Northern Mariana Islander academic

Elizabeth Diaz Rechebei (born 1949) is a Northern Mariana Islander academic. One of the first Chamorro women to receive a graduate education, she went on to hold several educational leadership roles on the islands, including director of the Trust Territory of the Pacific Islands' Department of Education and head of the Northern Mariana Islands' public school system.

== Early life and education ==
Elizabeth Diaz Rechebei was born on Saipan in 1949. She was the first child of six born to a Chamorro father, Francisco Diaz, and a Japanese mother, Reiko Tanaka Diaz. Elizabeth grew up in the village of Chalan Kanoa and attended Saipan's Mount Carmel School, graduating in 1968 alongside future politician Felicidad Ogumoro. As a high school student, she worked as a clerk for the Congress of Micronesia.
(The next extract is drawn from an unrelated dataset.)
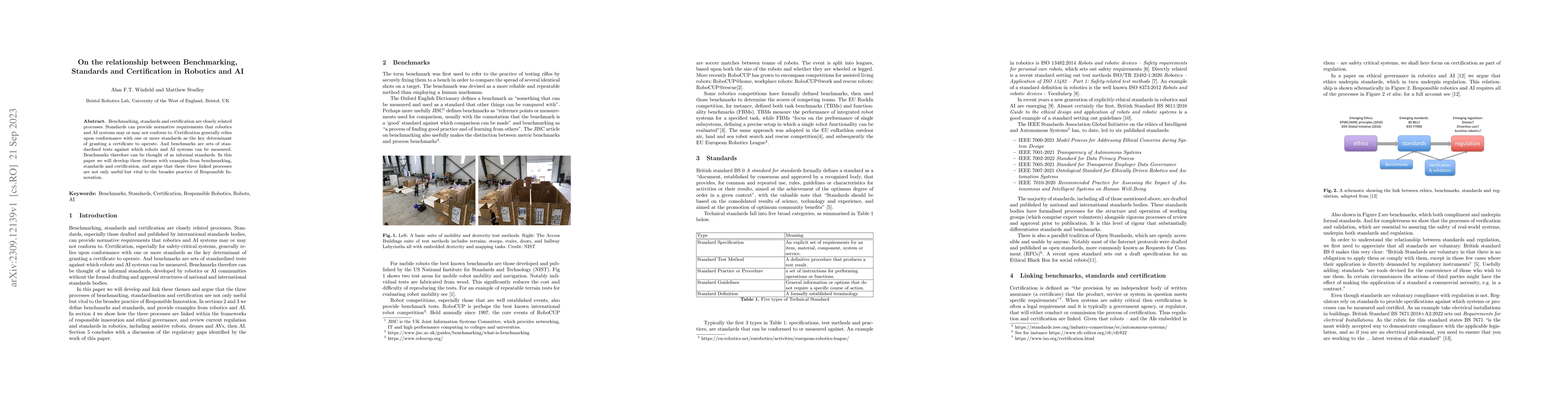 This paper explores the interconnected roles of benchmarking, standards, and certification in robotics and AI, emphasizing that these processes are essential for ensuring Responsible Innovation. It highlights how standards set normative requirements, certification relies on conformance to these standards, and benchmarks serve as informal standards for measuring performance.

In a fairly uncommon move for women in her community at the time, she enrolled at the University of Guam, becoming one of the first two Micronesians to receive a scholarship from the Guamanian government. In 1972, she graduated with a psychology degree. After working for two years, she pursued graduate studies at the University of Hawaii, completing a master's in educational psychology in 1976, which made her one of the first women in the Northern Mariana Islands to earn a master's of arts. Decades later, she went back to school and earned a doctorate of education from the University of California, San Diego, in 2003.

== Career ==
After graduating from the University of Hawaii, Rechebei returned home and began what would become a long career with the Trust Territory of the Pacific Islands' Department of Education. After around a decade of working for the Education Department, overseeing testing across the territory and developing a local achievement testing system, she was appointed as the department's deputy director. Shortly thereafter, in 1984, she was promoted to director of the Department of Education, becoming the first woman and the youngest person to fill the role. She remained in the position until the dissolution of the Trust Territory in 1987. She later became director of the Northern Mariana Islands' public school system, but was removed in 1991 amid a teacher strike. After finishing her career as a public servant, she went into private consulting.

Rechebei is also known for her 1997 survey of Palauan history, History of Palau: Heritage of an Emerging Nation, written in collaboration with historian Samuel F. McPhetres. She later helped lead an effort to update the Chamorro–English Dictionary. In 2009, she received a Governor's Humanities Award for her efforts to preserve local culture.

Over several decades, she has worked with various regional organizations and served on different boards across the islands seeking to improve educational access and gender equity, including the Northern Marianas College Board of Regents and the Commission of the islands' public school system. She also helped establish the first public library in the Northern Mariana Islands and the NMI Museum of History and Culture.